- ENTRIES SUPPLIED
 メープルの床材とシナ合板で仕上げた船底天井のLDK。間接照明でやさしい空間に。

* * *

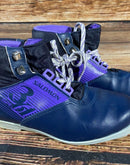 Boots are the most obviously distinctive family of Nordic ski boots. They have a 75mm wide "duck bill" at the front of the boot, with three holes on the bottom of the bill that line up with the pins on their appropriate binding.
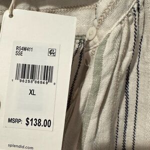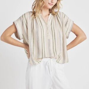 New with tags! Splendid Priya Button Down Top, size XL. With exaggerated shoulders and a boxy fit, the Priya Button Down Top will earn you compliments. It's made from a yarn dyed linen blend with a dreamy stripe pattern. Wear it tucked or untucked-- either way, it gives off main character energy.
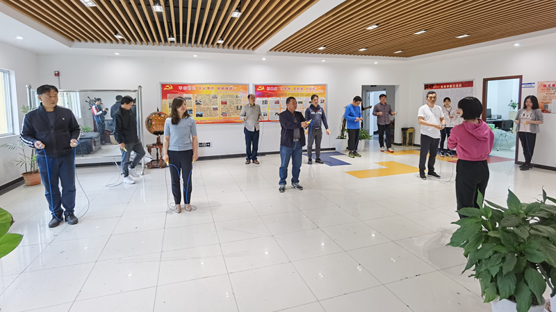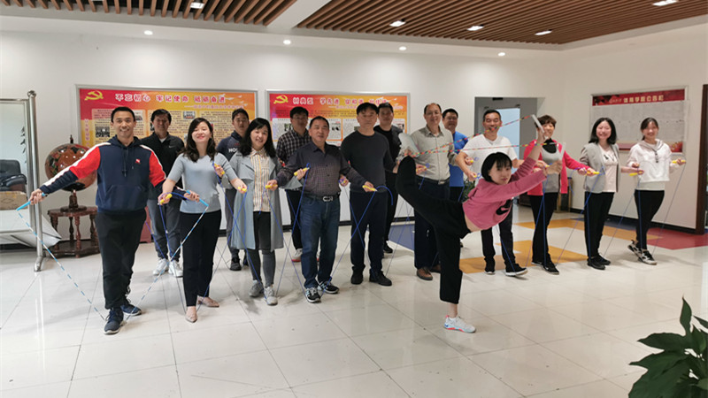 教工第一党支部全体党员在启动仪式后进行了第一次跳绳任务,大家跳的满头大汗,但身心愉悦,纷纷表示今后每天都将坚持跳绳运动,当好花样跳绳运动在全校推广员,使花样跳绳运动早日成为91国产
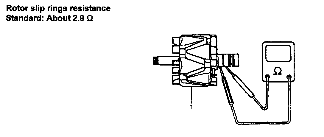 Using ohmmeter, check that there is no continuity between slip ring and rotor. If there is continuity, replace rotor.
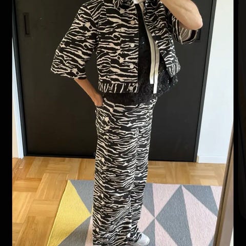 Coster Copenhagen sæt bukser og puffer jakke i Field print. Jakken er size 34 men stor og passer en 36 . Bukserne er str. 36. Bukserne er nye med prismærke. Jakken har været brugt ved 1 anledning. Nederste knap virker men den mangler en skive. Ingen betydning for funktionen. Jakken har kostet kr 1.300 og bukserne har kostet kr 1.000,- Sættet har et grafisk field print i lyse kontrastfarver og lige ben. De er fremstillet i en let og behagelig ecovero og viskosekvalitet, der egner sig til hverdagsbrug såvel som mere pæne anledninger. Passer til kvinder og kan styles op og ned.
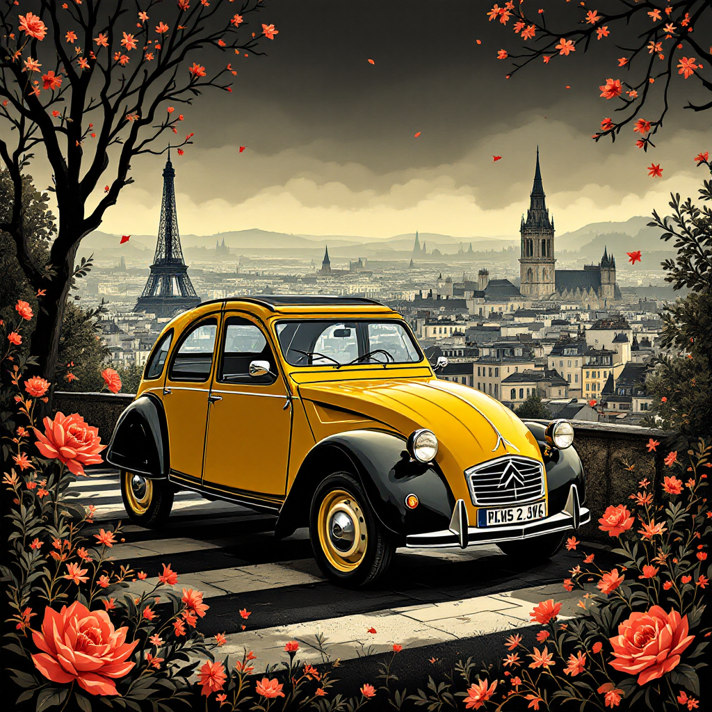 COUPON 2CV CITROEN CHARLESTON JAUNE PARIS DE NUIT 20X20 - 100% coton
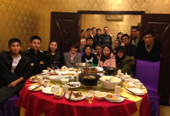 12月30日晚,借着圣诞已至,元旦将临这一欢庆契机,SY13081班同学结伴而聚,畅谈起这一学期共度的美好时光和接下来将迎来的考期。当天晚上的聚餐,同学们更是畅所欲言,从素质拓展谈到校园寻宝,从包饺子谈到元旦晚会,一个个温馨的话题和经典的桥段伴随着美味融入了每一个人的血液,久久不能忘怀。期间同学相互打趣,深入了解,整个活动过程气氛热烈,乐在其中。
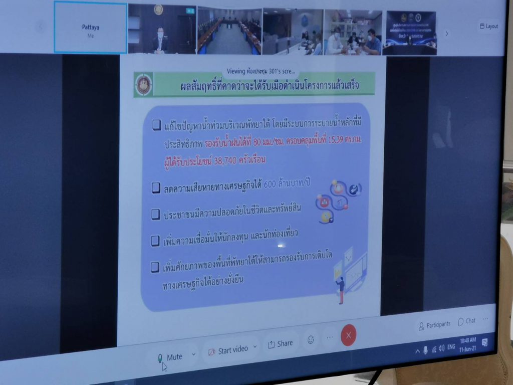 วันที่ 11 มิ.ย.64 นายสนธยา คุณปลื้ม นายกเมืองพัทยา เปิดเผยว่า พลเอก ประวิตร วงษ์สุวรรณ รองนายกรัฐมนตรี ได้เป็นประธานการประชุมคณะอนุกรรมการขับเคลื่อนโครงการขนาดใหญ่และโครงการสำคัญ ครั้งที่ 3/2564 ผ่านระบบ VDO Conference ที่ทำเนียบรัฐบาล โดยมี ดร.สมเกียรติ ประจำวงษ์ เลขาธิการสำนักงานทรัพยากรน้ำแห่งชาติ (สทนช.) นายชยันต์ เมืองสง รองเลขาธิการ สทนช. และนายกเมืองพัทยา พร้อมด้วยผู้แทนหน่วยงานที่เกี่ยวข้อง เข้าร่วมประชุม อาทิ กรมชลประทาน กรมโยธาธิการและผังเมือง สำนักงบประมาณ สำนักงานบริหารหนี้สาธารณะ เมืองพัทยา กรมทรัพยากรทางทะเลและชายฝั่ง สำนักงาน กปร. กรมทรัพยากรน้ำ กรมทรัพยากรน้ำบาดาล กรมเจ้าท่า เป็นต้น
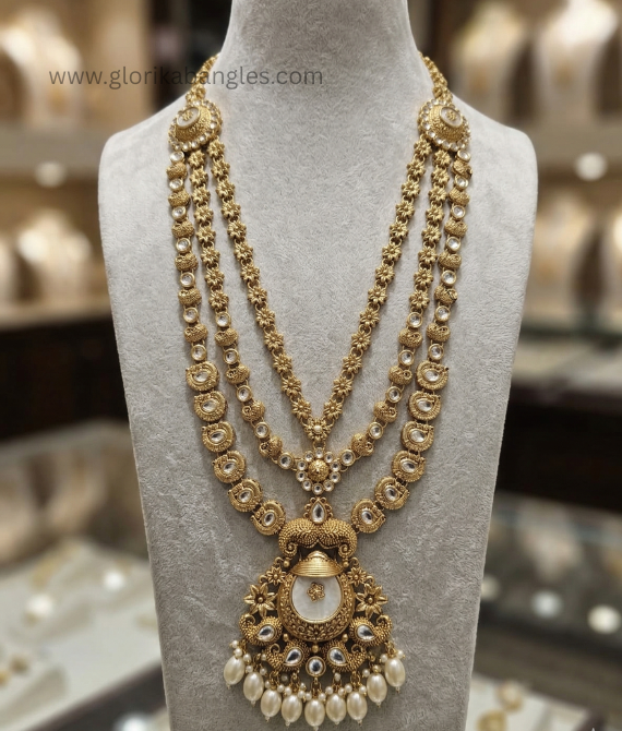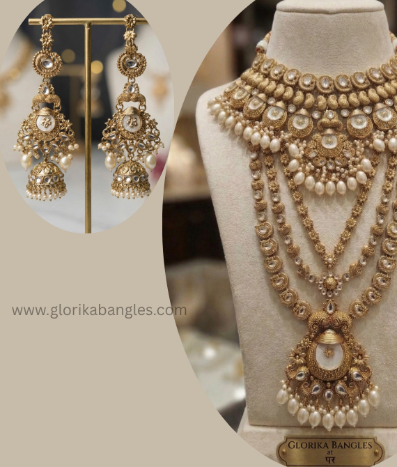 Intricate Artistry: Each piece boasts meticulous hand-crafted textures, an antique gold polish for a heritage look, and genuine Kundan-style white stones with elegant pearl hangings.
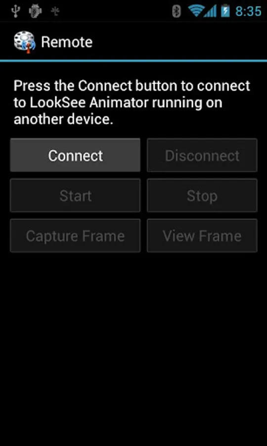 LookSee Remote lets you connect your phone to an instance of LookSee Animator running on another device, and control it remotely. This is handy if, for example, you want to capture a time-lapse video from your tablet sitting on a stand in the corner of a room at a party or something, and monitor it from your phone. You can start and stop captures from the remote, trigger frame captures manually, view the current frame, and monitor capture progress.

- DESCRIPTION OF THE TASK
Only the lines starting at the one that includes "Boots are the" and ending at the one that includes "วันที่ 11 มิ.ย.64" should be retyped, exactly, from the records above; no pictures.

- WRITTEN ANSWER
 Boots are the most obviously distinctive family of Nordic ski boots. They have a 75mm wide "duck bill" at the front of the boot, with three holes on the bottom of the bill that line up with the pins on their appropriate binding.
 New with tags! Splendid Priya Button Down Top, size XL. With exaggerated shoulders and a boxy fit, the Priya Button Down Top will earn you compliments. It's made from a yarn dyed linen blend with a dreamy stripe pattern. Wear it tucked or untucked-- either way, it gives off main character energy.
 教工第一党支部全体党员在启动仪式后进行了第一次跳绳任务,大家跳的满头大汗,但身心愉悦,纷纷表示今后每天都将坚持跳绳运动,当好花样跳绳运动在全校推广员,使花样跳绳运动早日成为91国产
 Using ohmmeter, check that there is no continuity between slip ring and rotor. If there is continuity, replace rotor.
 Coster Copenhagen sæt bukser og puffer jakke i Field print. Jakken er size 34 men stor og passer en 36 . Bukserne er str. 36. Bukserne er nye med prismærke. Jakken har været brugt ved 1 anledning. Nederste knap virker men den mangler en skive. Ingen betydning for funktionen. Jakken har kostet kr 1.300 og bukserne har kostet kr 1.000,- Sættet har et grafisk field print i lyse kontrastfarver og lige ben. De er fremstillet i en let og behagelig ecovero og viskosekvalitet, der egner sig til hverdagsbrug såvel som mere pæne anledninger. Passer til kvinder og kan styles op og ned.
 COUPON 2CV CITROEN CHARLESTON JAUNE PARIS DE NUIT 20X20 - 100% coton
 12月30日晚,借着圣诞已至,元旦将临这一欢庆契机,SY13081班同学结伴而聚,畅谈起这一学期共度的美好时光和接下来将迎来的考期。当天晚上的聚餐,同学们更是畅所欲言,从素质拓展谈到校园寻宝,从包饺子谈到元旦晚会,一个个温馨的话题和经典的桥段伴随着美味融入了每一个人的血液,久久不能忘怀。期间同学相互打趣,深入了解,整个活动过程气氛热烈,乐在其中。
 วันที่ 11 มิ.ย.64 นายสนธยา คุณปลื้ม นายกเมืองพัทยา เปิดเผยว่า พลเอก ประวิตร วงษ์สุวรรณ รองนายกรัฐมนตรี ได้เป็นประธานการประชุมคณะอนุกรรมการขับเคลื่อนโครงการขนาดใหญ่และโครงการสำคัญ ครั้งที่ 3/2564 ผ่านระบบ VDO Conference ที่ทำเนียบรัฐบาล โดยมี ดร.สมเกียรติ ประจำวงษ์ เลขาธิการสำนักงานทรัพยากรน้ำแห่งชาติ (สทนช.) นายชยันต์ เมืองสง รองเลขาธิการ สทนช. และนายกเมืองพัทยา พร้อมด้วยผู้แทนหน่วยงานที่เกี่ยวข้อง เข้าร่วมประชุม อาทิ กรมชลประทาน กรมโยธาธิการและผังเมือง สำนักงบประมาณ สำนักงานบริหารหนี้สาธารณะ เมืองพัทยา กรมทรัพยากรทางทะเลและชายฝั่ง สำนักงาน กปร. กรมทรัพยากรน้ำ กรมทรัพยากรน้ำบาดาล กรมเจ้าท่า เป็นต้น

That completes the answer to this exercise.